After noting the unamended/old Regulation 38 and the amended Regulation 38, the Supreme Court further held in para 13:
"13. In the present case, it is noticeable that no doubt, Hero was provided with 32.34% of its admitted claim as it has dissented with the plan. On the other hand, Tata Capital Financial Services Ltd. was provided with 75.63% of its admitted claim; other financial creditors (Indian Overseas Bank, Bank of Baroda and Punjab National Bank) were provided with 45% of their admitted claims. Given that the resolution process began well before the amended regulation came into force (in fact, January, 2017) and the resolution plan was prepared and approved before that event, the wide observations of the NCLAT, requiring the appellant to match the pay-out (offered to other financial creditors) to Hero, was not justified. The court notices that the liquidation value of the corporate debtor was ascertained at Rs. 36 crores. Against the said amount, the appellant offered Rs. 54 crores. The plan was approved and, except the objections of the dissenting creditor (i.e Hero), the plan has attained finality. Having regard to these factors and circumstances, it is held that the NCLAT's order and directions were not justified. They are hereby set aside; the order of the NCLT is hereby restored."
In terms of the above observations, the Supreme Court allowed the appeal of the Resolution Applicant.
While the above decision relates to the CIRP beginning prior to the amendment made in Regulation 38, it would be interesting to see how Courts will react to cases where allegations of discriminatory treatment against one of the similarly situated creditors are made and the CIRP has begun after the amendment made to Regulation 38.
Further, it would be relevant to see how the allegations of discriminatory treatment would be tested in the light of the recent observations of the Supreme Court in Committee of Creditors of Essar SteelIndiaLimited v. SatishKumarGupta 2019 SCC OnLine SC 1478 and K. Sashidhar v. Indian Overseas Bank 2019 SCC Online SC 257.5
* The authors had represented one of the Financial Creditors in the matter.
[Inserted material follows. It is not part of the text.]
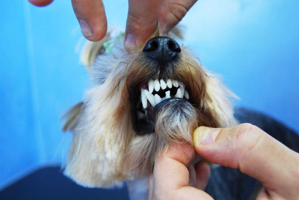 О зубной боли говорит осторожность во время приема пищи, склоненная на бок голова, некоторые собаки трут пасть лапой, «беспричинно» взвизгивают, не разрешают трогать морду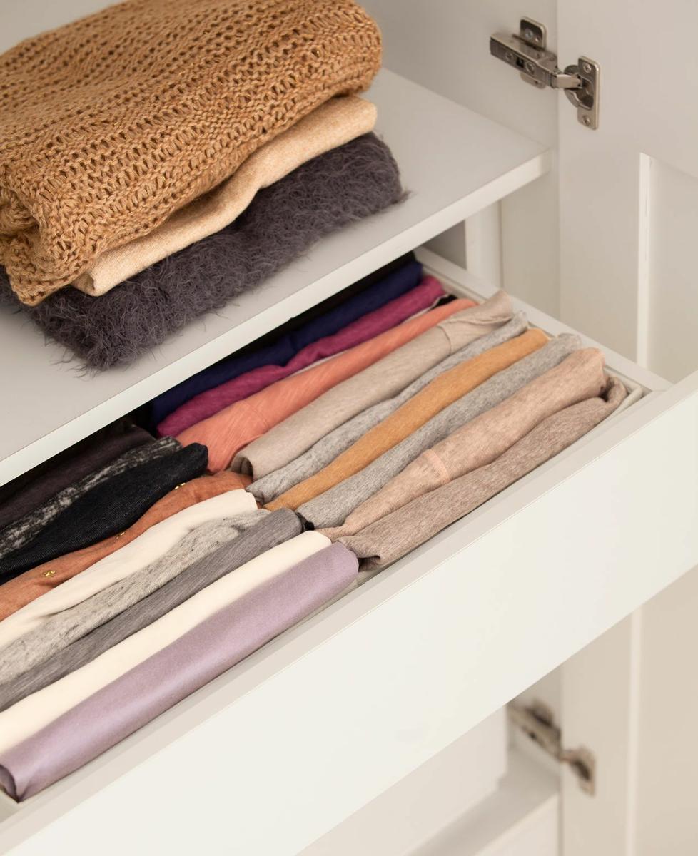 Fuente: pinterest Las camisetas guárdalas con el método vertical de Konmarie. Para que las prendas se aguanten en vertical hay que hacer uno o dos pliegues más de lo habitual. Comprueba que se aguantan por si solas.

1 Civil Appeal No. 7940 of 2019, decision dated November 8, 2019.
2 Section 30(4) of Insolvency and Bankruptcy Code, 2016.
3 The requirement of 75% majority vote has been reduced to 66% by the Insolvency and Bankruptcy Code (Second Amendment) Act, 2018 w.e.f. June 6, 2018.
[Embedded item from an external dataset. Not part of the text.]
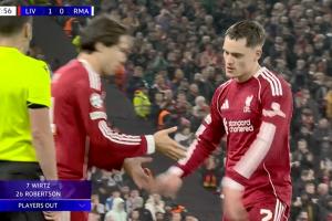 體育資訊11月05日訊 歐冠第4輪利物浦vs皇馬第89分鐘,利物浦再次做出2個換人調(diào)整,維爾茨、羅伯遜被換下,凱爾凱茲、基耶薩替補登場。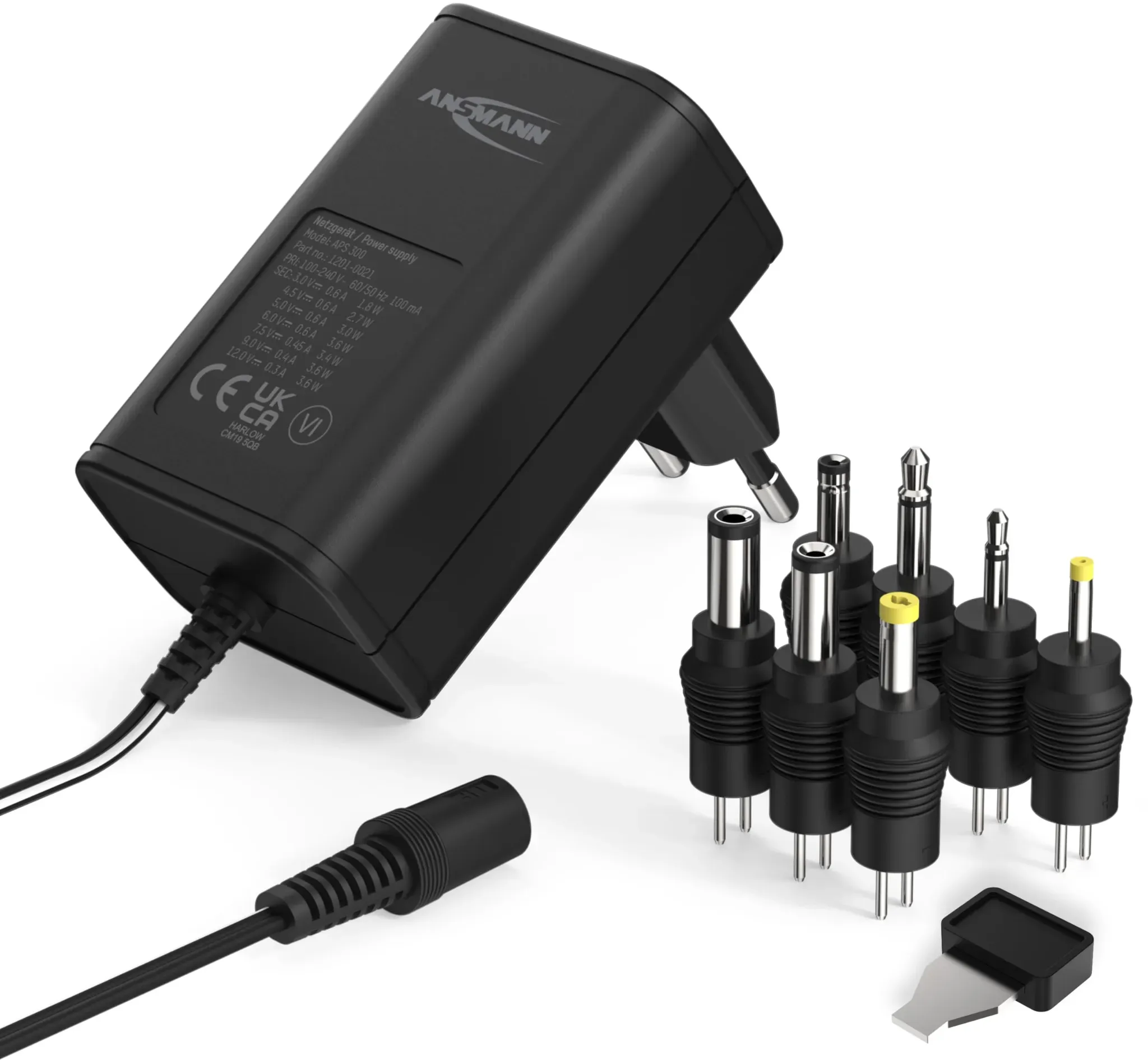 Ansmann - EAN: 4013674164073 - Universal-Netzteil für eine Vielzahl von GerätenMit dem APS 300 haben Sie die Möglichkeit eine Vielzahl von Elektrokleingeräten wie Taschencomputer, Digitalkameras, Messgeräte, MP-3 Player, CD-Player etc. zu betreiben. Für beste Kompatibilität zu den vielen verschiedenen Geräten wird ein siebenteiliges Steckerset mitgeliefert. Die darin enthaltenen gebräuchlichen Klinken- und Hohlsteckern sorgen für ideale Kontaktierung. Ganz gleich welches Gerät betrieben werden soll.über einen Drehschalter, auf der Rückseite des Netzteils, kann die Ausgangsspannung eingestellt werden. Das APS 300 ist kurzschlussfest und spannungsstabilisiert. Geeignet für Verbraucher bis max 0,3. A, 3,6 W Leistung.weltweit einsetzbareinstellbarer LadestromkurzschlussfestspannungsstabilisiertInkl. 7- teiliges SekundärsteckersetTechnische Features:Eingangsspannung: 100 - 240 V AC, 50/60 HzAusgangsspannung: 3 - 12 VAusgangsstrom: max. 300 mALeistung: 3,6 WKabellänge: 1,8 mErP: lvl 6 - bei reichelt.de - aus Yadore Produktdaten Dieses Angebot im Amazon Marketplace ist mit 10.71 Euro sehr attraktiv und beinhaltet 7 Adapterstecker. ![]() ![]() ANSMANN APS 300 Universal Stecker Netzteil 12V inkl. 7 verschiedende Adapter Stecker - Netzstecker bis max. 600mA - zur Stromversorgung vieler Elektrokleingeräte von 3-12 Volt regelbar

4 Substituted by Insolvency and Bankruptcy Code (Amendment) Act, 2019 w.e.f. August 16, 2019.
5 The Supreme Court has held in these two decisions that that the limited judicial review is available upon the business decision of the majority of the Committee of Creditors and the same has to be within the four corners of Section 30(2) of the Code (for NCLT) and Section 32 read with Section 61(3) of the Code (for NCLAT).
The content of this article is intended to provide a general guide to the subject matter. Specialist advice should be sought about your specific circumstances.